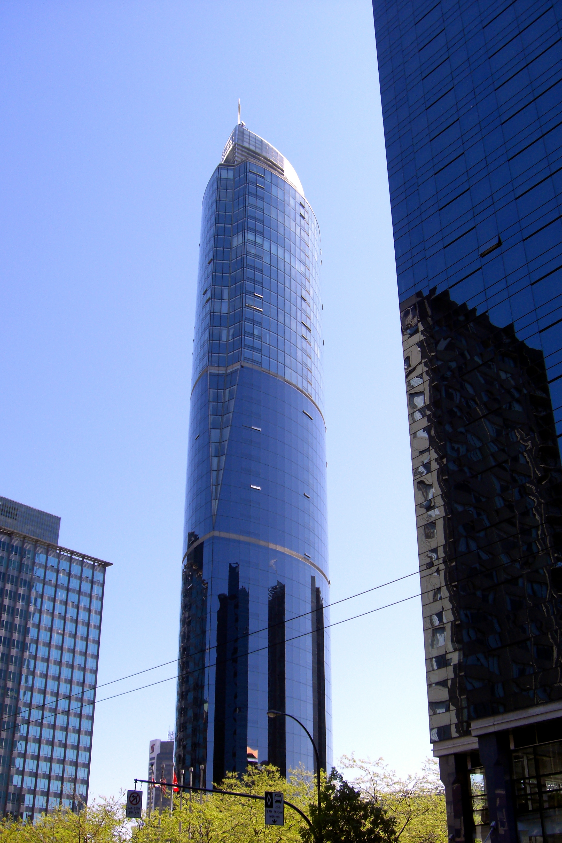 A picture taken from street level in downtown Vancouver. Featured prominently is the Wall Centre.
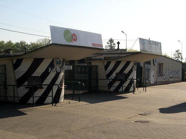 Cash-desks at Sandecja stadium, Nowy Sącz, PL
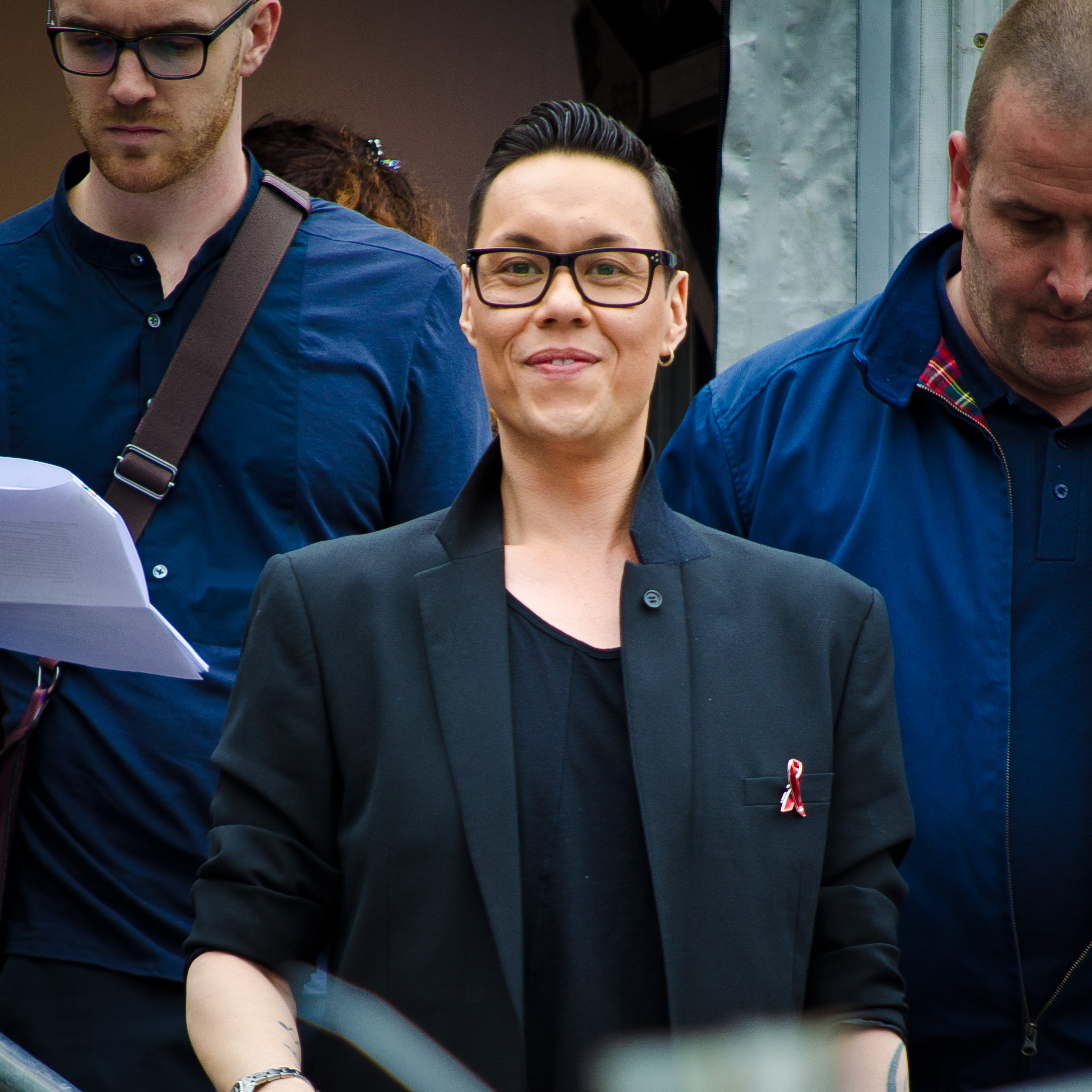 Gok Wan at the Pride festival, London 2012.
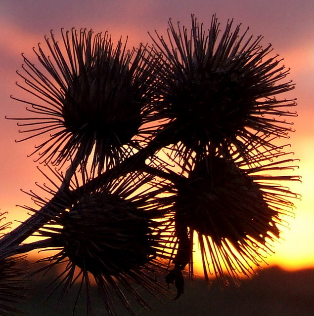 Burrdock Seed heads The dried heads of a burdock plant stand between the path and the beach. The small hooks that allow it to catch so efficiently to clothing can be seen against the colour of the fading sun.
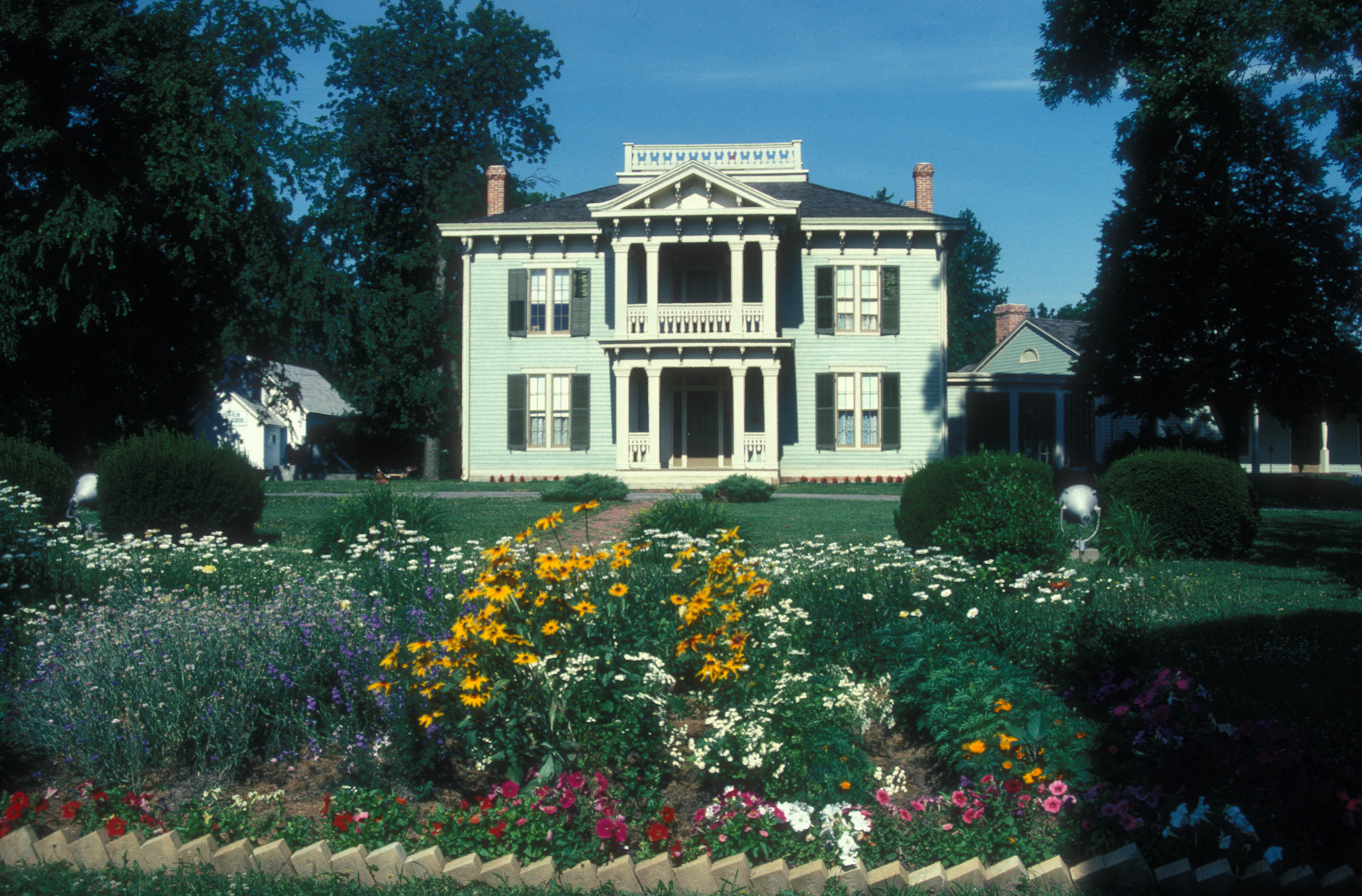 Graceland: (aka Ross House, John Clark House) Mexico, ante-bellum mansion visited by General Grant on an expedition in the earlier part of his Civil War career. Now houses the saddle horse museum since Mexico was the home of Rex McDonald, world champion saddle horse stallion
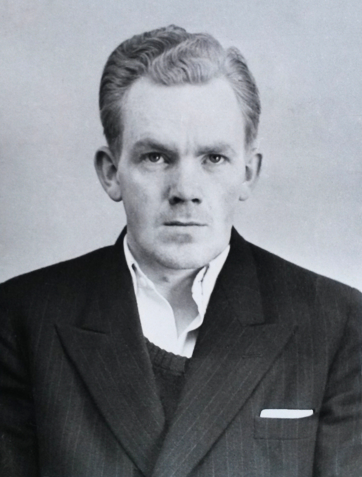 Kaj Henning Bothildsen Nielsen, 1945

■ AIM OF THE EXERCISE ■
Starting at the line that holds "Burrdock Seed heads", write out every remaining line of the material above exactly as it appears. Pictures should not be copied.

■ ANSWER FOR THE TASK ■
 Burrdock Seed heads The dried heads of a burdock plant stand between the path and the beach. The small hooks that allow it to catch so efficiently to clothing can be seen against the colour of the fading sun.
 Graceland: (aka Ross House, John Clark House) Mexico, ante-bellum mansion visited by General Grant on an expedition in the earlier part of his Civil War career. Now houses the saddle horse museum since Mexico was the home of Rex McDonald, world champion saddle horse stallion
 Kaj Henning Bothildsen Nielsen, 1945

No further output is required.